§ Task to complete
Repeat nothing but the line that contains "Il sera procédé" and the lines after it, through the end of the listing, exactly as they stand; omit pictures.

§ Data extract

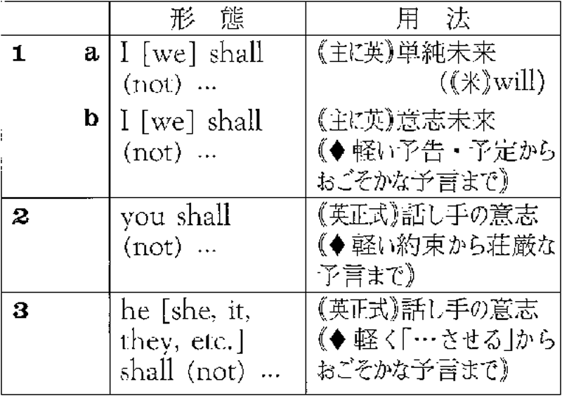 )《◆(1)縮約形:'ll. (2)((古))では二人称単数現在形は(thou) shalt, 同過去形は(thou) shouldst. (3)否定は通例 shall not を用い, 縮約形の shan't
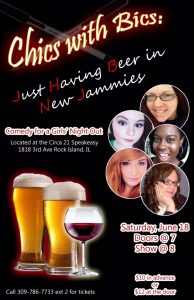 Heather Nobiling is hoping to recreate that loose, hilarious feel in the new show she’s put together, Chics with Bics, Just Having Beer In New Jammies: Comedy For a Girls’ Night Out. The gig takes place this Saturday, at the Speakeasy in Rock Island. Doors open at 7, show starts at 8. The cost is $10 in advance, $12 at the door. All female comics are onstage, but boys are allowed (and even encouraged!) to join in the fun.
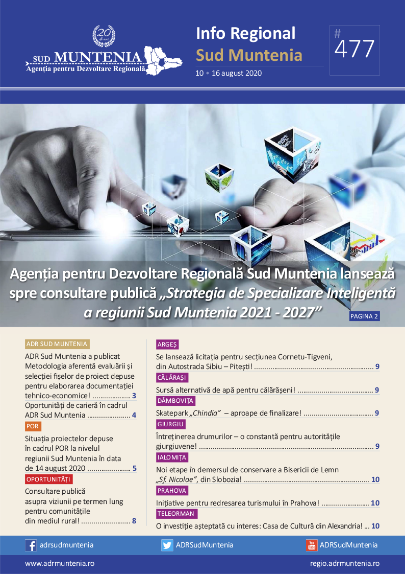 Publicaţia a ajuns la numărul 477 şi poate fi citită pe site-ul nostru la secţiunea Newsletter, link: https://www.adrmuntenia.ro/download_file/newsletter/495/info-regional-sud-muntenia-nr-477.pdf
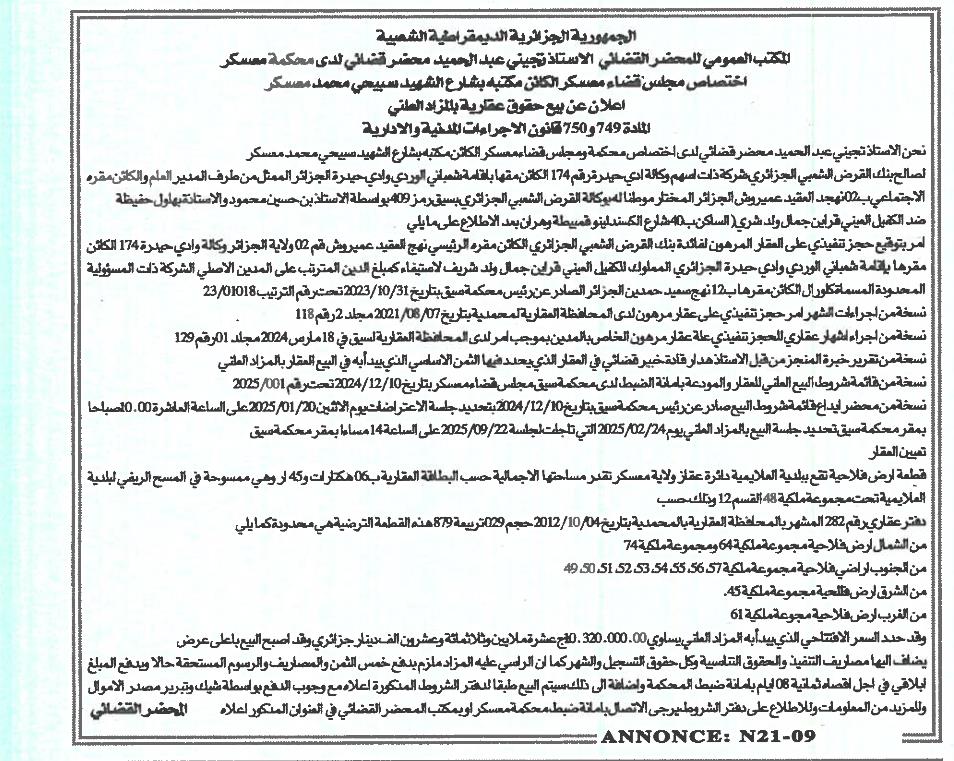 Il sera procédé à la vente au plus offrant et dernier enchérisseur le :
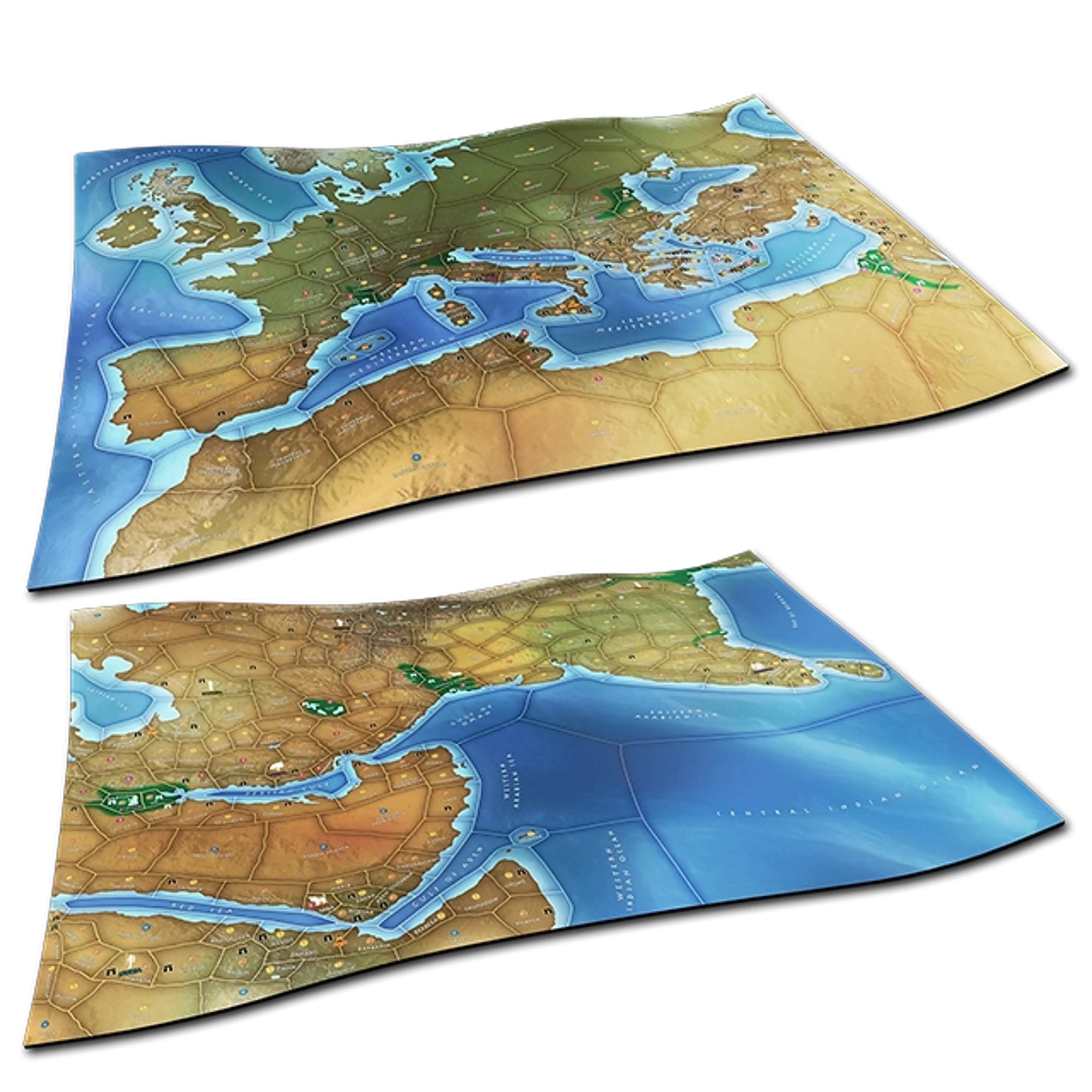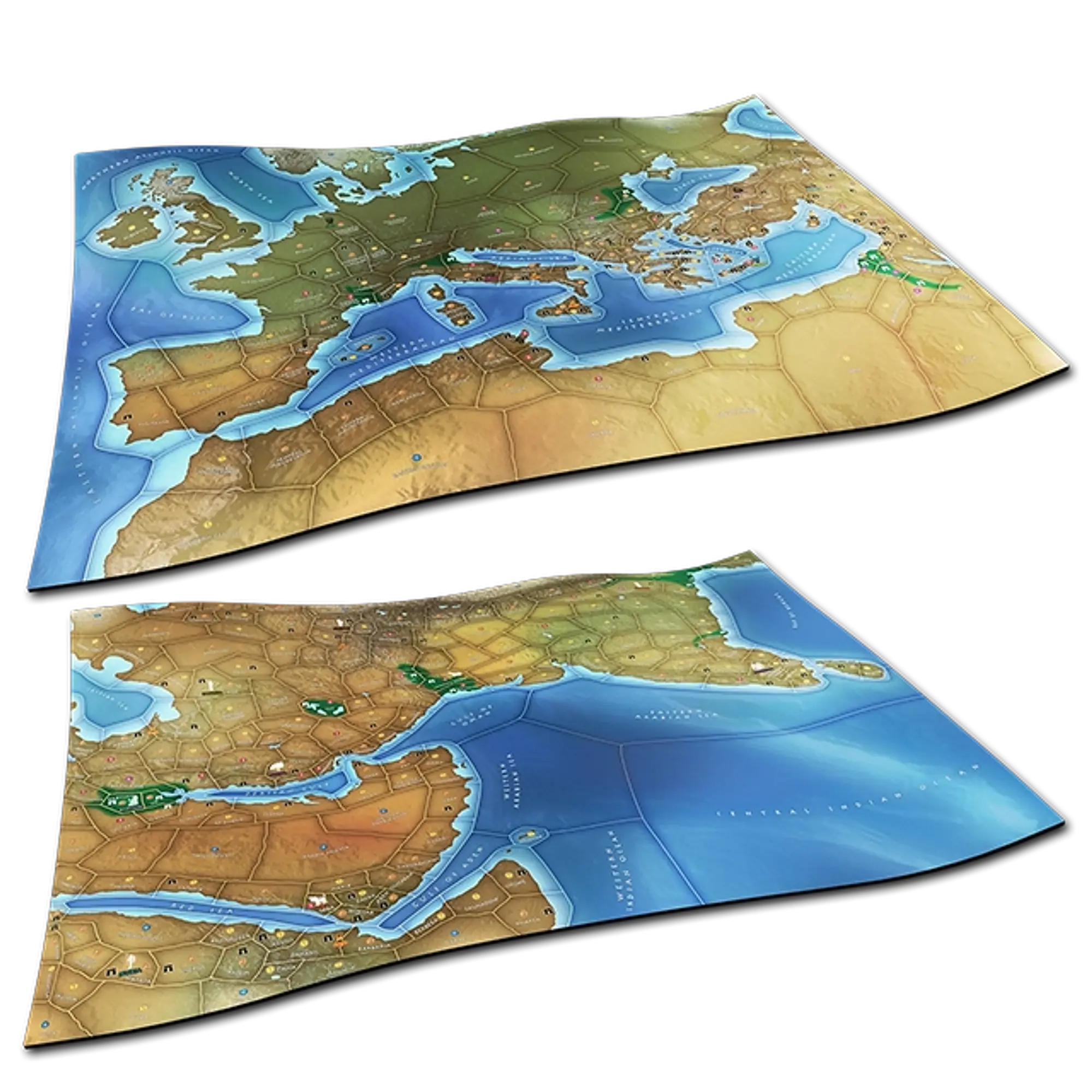 Deluxe Game Mat – THE WEST & THE EAST sta vrhunski igralni podlogi, zasnovani kot dodatka za strateško družabno igro Mega Empires. Vsaka podloga predstavlja polovico sveta – zahodno ali vzhodno – in omogoča igralcem poglobljeno izkušnjo v razvoju civilizacij skozi 8000 let zgodovine.

§ Answer for the task
 Il sera procédé à la vente au plus offrant et dernier enchérisseur le :
 Deluxe Game Mat – THE WEST & THE EAST sta vrhunski igralni podlogi, zasnovani kot dodatka za strateško družabno igro Mega Empires. Vsaka podloga predstavlja polovico sveta – zahodno ali vzhodno – in omogoča igralcem poglobljeno izkušnjo v razvoju civilizacij skozi 8000 let zgodovine.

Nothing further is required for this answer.